Protection conferred by rTGEVs expressing PRRSV antigens. (A) Percentage of animals showing respiratory symptoms. Observations were made daily during a time frame of 28 days post-challenge. ^⁎⁎, p-value<0.05, ^⁎, p-value<0.1. (B) Lung samples collected at 28 days post-challenge were stained with hematoxylin-eosin. Representative pictures obtained with a 10x objective are shown (left panels). Lung damage was scored by observation of 50 random fields per animal (right panel). (C) IL-8 levels in serum.

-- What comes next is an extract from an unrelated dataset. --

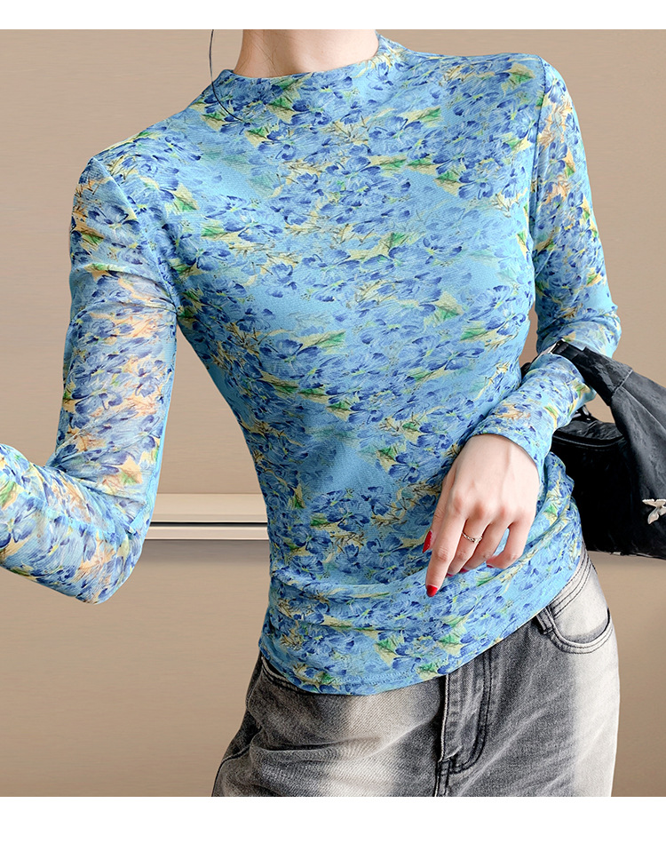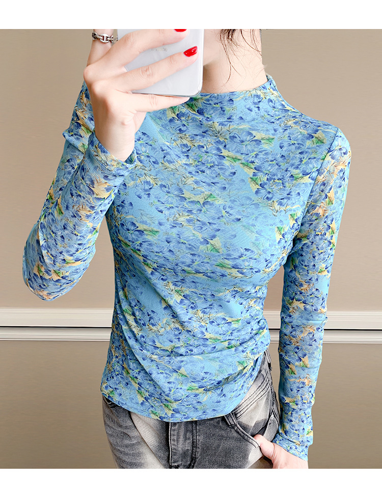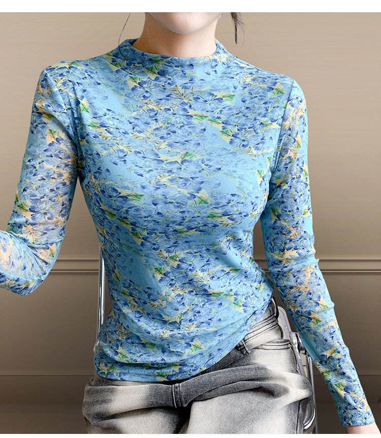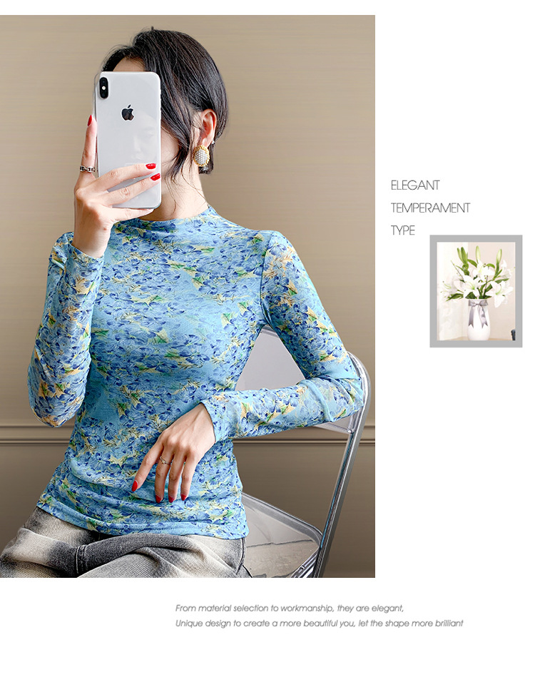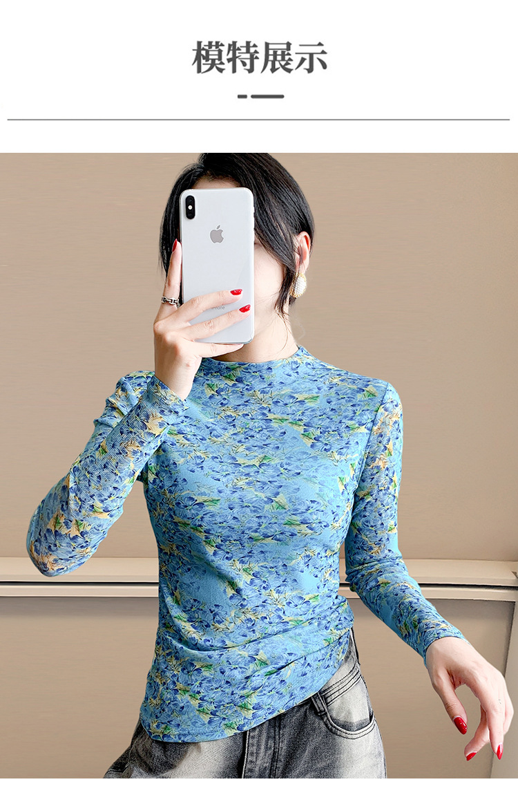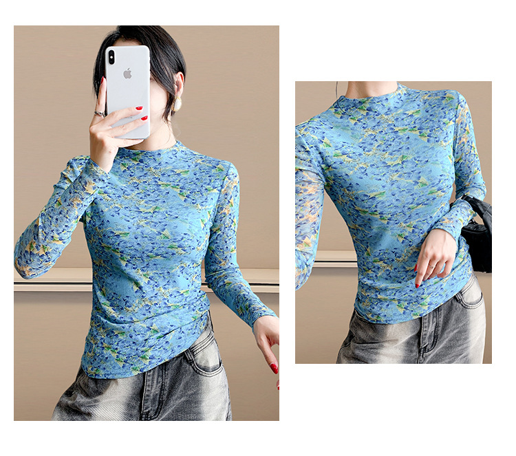 KQL A55F8573时尚洋气高弹网长袖印花半高领打底衫T恤

Serum samples were collected at the indicated times post-immunization, mixed in pools of three animals per sample, and cytokine levels were analyzed by a 7-plex fluorescent microsphere immunoassay. Dots represent individual samples and solid lines represent mean titer for each group. ^⁎, p-value<0.1.

Fig. 6

PRRSV titer in serum. PRRSV RNA was isolated from sera at the indicated times post-immunization, and viremia in serum was quantified by RT-qPCR. Dots represent individual animals and solid lines represent mean titer for each group. ^**, p-value<0.05.

Fig. 7

Humoral immune response elicited by rTGEV expressing PRRSV antigens. (A) Humoral response specific for GP5. Serum samples were collected at the indicated times post-immunization and analyzed by ELISA using purified full-length GP5. Dots represent individual animals and solid lines represent mean titer of each group. The arrow indicates the time when challenge was performed. ^⁎⁎⁎, p-value<0.01; ^⁎⁎, p-value<0.05. (B) Neutralizing antibodies induced at the indicated times post-challenge. Neutralization assays were performed with PRRSV Olot91 strain infecting MARC-145 cells. Dots represent individual animals and solid lines represent mean titer of each group. ^⁎, p-value<0.1.